Однако на этот раз все пошло наперекосяк, и сразу же после обмена приветствиями Василий Васильевич поверг Игоря в ступор, объявив, что отказывает ему впредь в своем покровительстве.

– Сам теперь клиентов ищи, на меня больше не рассчитывай, – заявил он притихшему после таких его слов сыну, но и этим не ограничился, а потребовал от него за счет собственных средств переделать ремонт в помещениях ЖЭКа, и Игорь, не выдержав такой вопиющей несправедливости, попробовал защититься.

– Отец, ты о чем говоришь? У меня на руках акт приемки, тобой же подписанный.

– Это все липа, ты и четверть работ не выполнил, сам знаешь, – легко и непринужденно разбил его защиту Ланцов. – А не хочешь доделывать, деньги верни, я других найму. Откажешься, проведем экспертизу и по суду взыщем. А за подпись, если понадобится, я отвечу.
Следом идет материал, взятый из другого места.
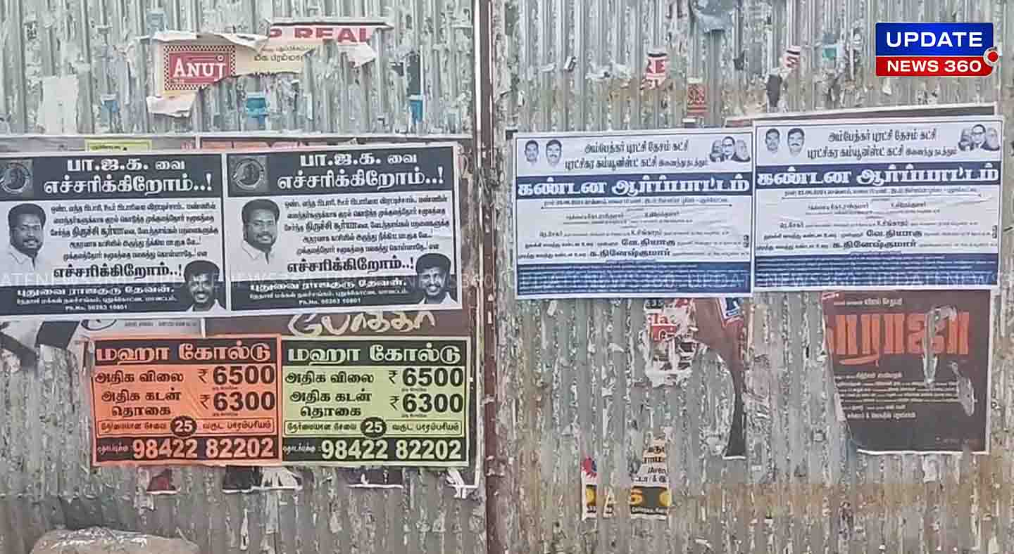 ஒட்ட வந்த பிடாரி ஊர் பிடாரியை விரட்டிச்சாம் மண்ணின் மைந்தனுக்கான குரல் கொடுத்த முக்குலத்தோர் சமுதாயத்தைச் சேர்ந்த திருச்சி சூர்யாவை வேடந்தாங்கல் பறவைகளுக்கு ஆதரவாக கட்சியிலிருந்து நீக்கிய பாஜகவை கண்டித்து புதுக்கோட்டை நகர் முழுவதும் எச்சரிக்கை நோட்டீஸ்கள் ஒட்டப்பட்டுள்ளன புதுக்கோட்டை நேதாஜி மக்கள் நல சங்கம் சார்பில் புதுவை ராஜகுருதேவன் என்பவரது பெயரில் இந்த எச்சரிக்கை நோட்டீஸ் ஒட்டப்பட்டுள்ளன.
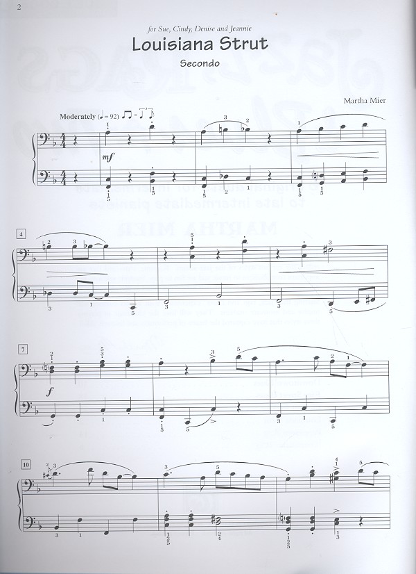 6 original duets for intermediate to late intermediate pianists Downtown Blues Easy Street Blues I'll Wait for You Louisiana Strut Pepperoni Rag Renaissance Rag
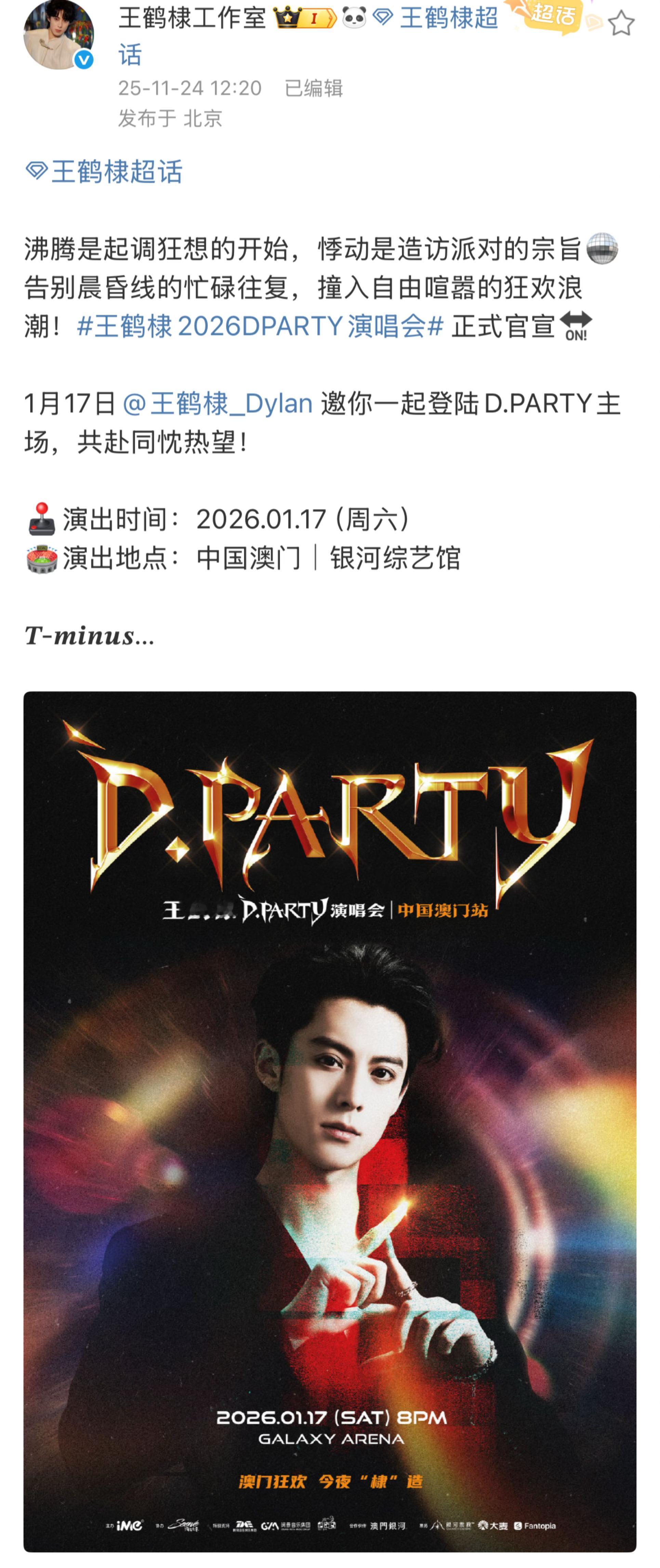 📣王鹤棣2026澳门演唱会官宣,棣棣闷声干大事儿啊。

После таких безумных речей Игорь промямлил, что должен подумать, и, не попрощавшись, повесил трубку. Ланцов же, несмотря на бурно прожитый день, спокойно, словно бы сбросив с себя еще одну тяжелую ношу, перекурил в комнате перед форточкой и на удивление быстро заснул, поднявшись утром лишь по сигналу будильника.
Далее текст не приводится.